N’importe Robert, tout cela ne peut me convaincre, suis mes conseils, ne prends pas le malheur autant à cœur, je suis sûr que l’avenir prouvera que j’avais raison et que vous finirez tous deux par vous entendre ; car morbleu, à quoi prétend cette jeune fille, si les qualités du cœur et un physique attrayant ne sont comptés pour rien ? serait-ce la fortune qu’elle met au-dessus de tout cela ?

Félix ne la rabaisse pas à ce point.

Géraldine a trop de désintéressement pour chercher la richesse chez celui qu’elle choisira.

De Raincourt allait répliquer lorsque le porte s’ouvrit, un soldat entra.

Capitaine, dit-il, le général vous demande.

Je pars répondit de Raincourt prenant son chapeau et son épée.

Robert s’approcha.

Pas un mot de notre conversation au général, dit-il.

Non, je saurai garder ton secret.
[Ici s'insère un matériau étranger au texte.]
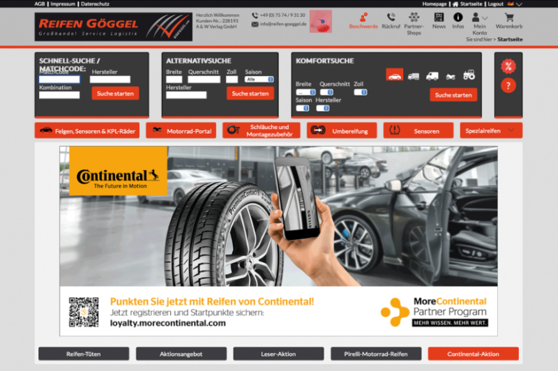 Über 10 Millionen Reifen und 900.000 Felgen sind auf dem Online-Marktplatz von Reifen Göggel in der Regel ständig verfügbar, insgesamt können 150.000 Artikel abgerufen werden. Innovativ präsentiert sich auch das Shop-in-Shop-System, das heißt, den Shop können Kunden von Reifen Göggel auch für ihre Kunden nutzen.

Attends mon retour ici, j’ai encore tant de choses à te demander, tes communications m’ont fait retarder à requérir des nouvelles d’Hortense.

Eh bien ! hâte-toi de revenir, je serai tout à toi pour elle.

Le capitaine remercia du regard et s’élança au dehors.

Il est heureux, murmura Robert, il est aimé lui.

Malgré tout ce que venait de lui dire son ami, il demeurait convaincu de son malheur.